Content-Transfer-Encoding: quoted-printable
Archived-At: <https://mailarchive.ietf.org/arch/msg/ntp/aLrJVfHQlgjovb-kLRZhMZP0y1U>
Subject: Re: [Ntp] Hard NO: Re: WGLC - draft-ietf-ntp-ntpv5-requirements
X-BeenThere: ntp@ietf.org
X-Mailman-Version: 2.1.39
Precedence: list
List-Id: Network Time Protocol <ntp.ietf.org>
List-Unsubscribe: <https://www.ietf.org/mailman/options/ntp>, <mailto:ntp-request@ietf.org?subject=unsubscribe>
List-Archive: <https://mailarchive.ietf.org/arch/browse/ntp/>
List-Post: <mailto:ntp@ietf.org>
List-Help: <mailto:ntp-request@ietf.org?subject=help>
List-Subscribe: <https://www.ietf.org/mailman/listinfo/ntp>, <mailto:ntp-request@ietf.org?subject=subscribe>
X-List-Received-Date: Wed, 27 Dec 2023 13:04:32 -0000

Hi All,

>From my perspective, the fact that apparently (at least as harlan
seems to claim in his original email) the algorithm specified in
RFC5905 is fragile would be all the more reason to not specify it as
"the standard". If this is really the case, we should rather be
looking harder for solutions that are more resilient and not so
sensitive to

I've done enough experiments with real hardware and over the internet
to have realized that pretty much any noise profile that you could
imagine will exist somewhere. I've seen clocks showing 24 hour phase
oscillations due to temperature oscillations, as well as clocks that
had similar cycles but shorter due to a course-controlling ac system.
Over the internet, there are also connections with "interesting"
(read, hella anoying to deal with) patterns in their latency, from
weekly patterns to daily patterns and even some 1.5 hour pattern stuff
that I am not really understanding where it comes from. And honestly,
once I get to the point of looking at the 1-1000hz noise range in the
ptp implementation I am currently working on, I wouldn't be surprised
to at least find something related to the power grid and it's
idiosyncracies.

Yes, another algorithm may introduce a new noise pattern, but given
the very wide amount of variation that is already out there it is
unlikely to.

Looking at the current moment, we are now in a situation where there
are 3 algorithms operating in the space, with the one in the
"reference" implementation, the one from chrony and the one from
ntpd-rs. I have personally not seen any indication of problems caused
by this, rather the oposite. From measurements it looks very likely
that both chrony and ntpd-rs are capable of, with similar poll
intervals, synchronizing to about an order of magnitude larger
precision.

And it is this precision that seems to me at least the thing that end
users want.
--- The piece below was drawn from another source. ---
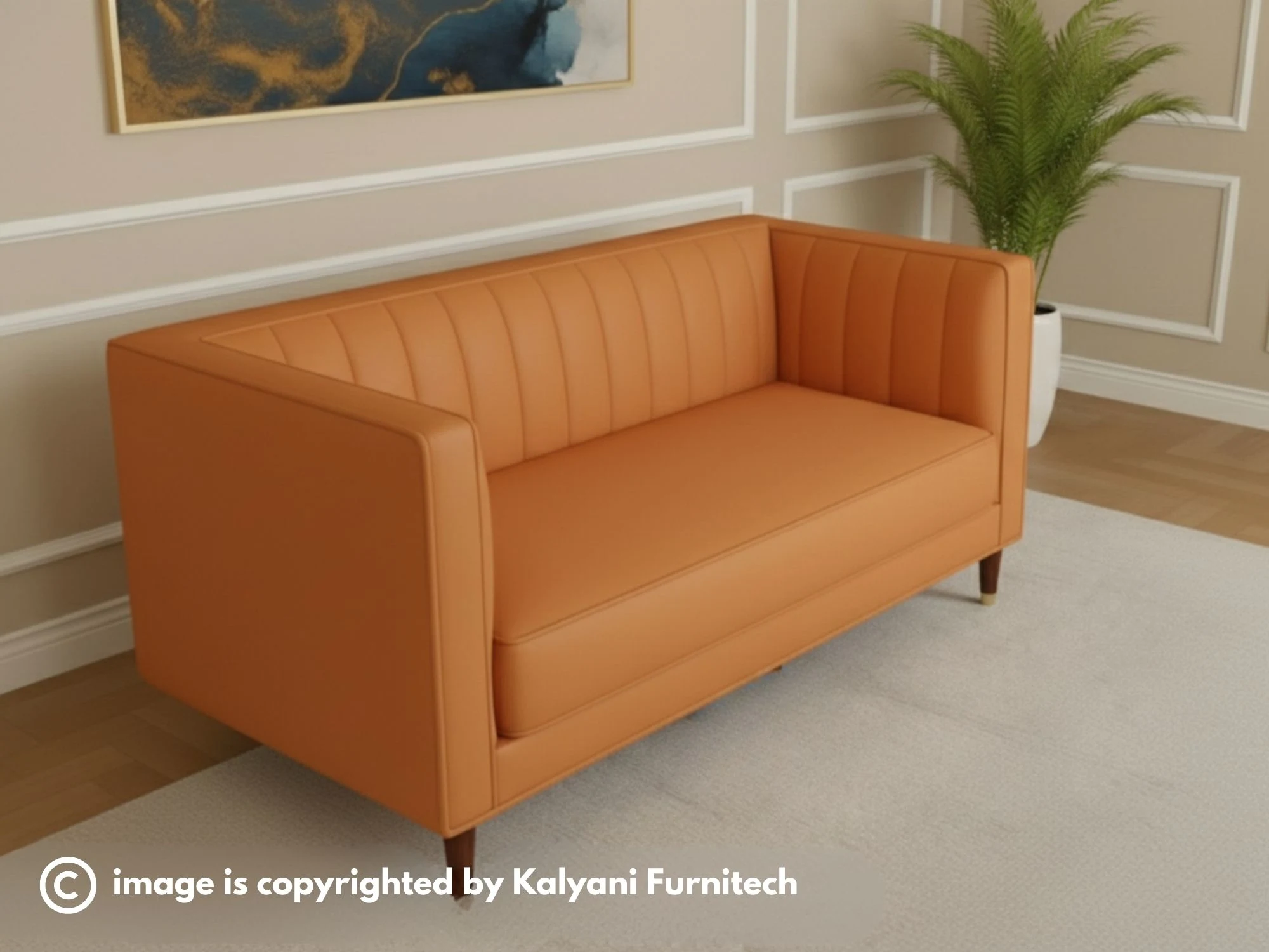 Our premium sofa collection from Kalyani Furnitech features a range of designs, from a grey button-tufted model and a navy blue model with diamond-quilted armrests to an elegant mauve sofa with vertical channeling and a vibrant orange piece with wrap-around stitching. Each model is upholstered in high-quality textured fabric and elevated by distinct leg finishes, including tapered dark wood, modern gold metal, or wood with gold accents. These versatile seating solutions combine sophisticated aesthetics with exceptional comfort, making them the perfect centerpiece for any contemporary home or office.
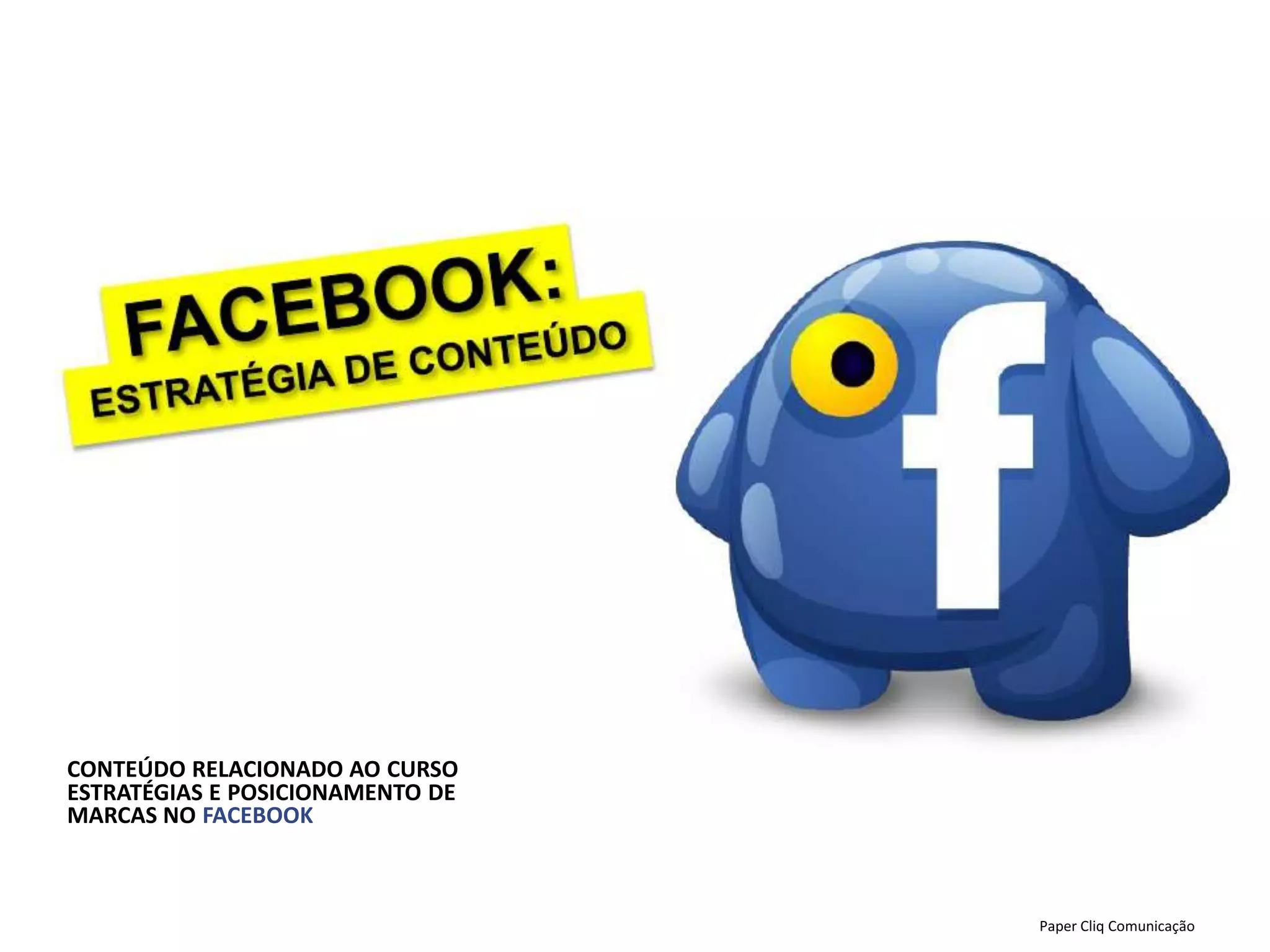 O documento discute estratégias de conteúdo no Facebook. Ele explica que não há uma abordagem única para todas as marcas, mas que é necessário entender os comportamentos dos usuários e criar conteúdo relevante e original para cada público-alvo. Também ressalta a importância de monitorar os resultados das estratégias e ajustar constantemente o conteúdo.

Both legal (i.e. for trading firms the requirement that
clocks are to be within 30us from UTC) as well as practical
applications typically have just an upper bound of the clock must not
be more than x seconds from a reference.

Given all this, strictly mandating an algorithm that is both fragile
and imprecise seems like exactly the opposite from what we should
want.

As for the discussion on differences between RFC5905 and the
"reference" implementation, I don't have concrete differences
(unfortunately). However, we had a lot of trouble with its performance
back when we did have it implemented in ntpd-rs, also compared to the
"reference" implementation. Part of this may have been due to bugs on
our end, but it wouldn't surprise me if there are further differences.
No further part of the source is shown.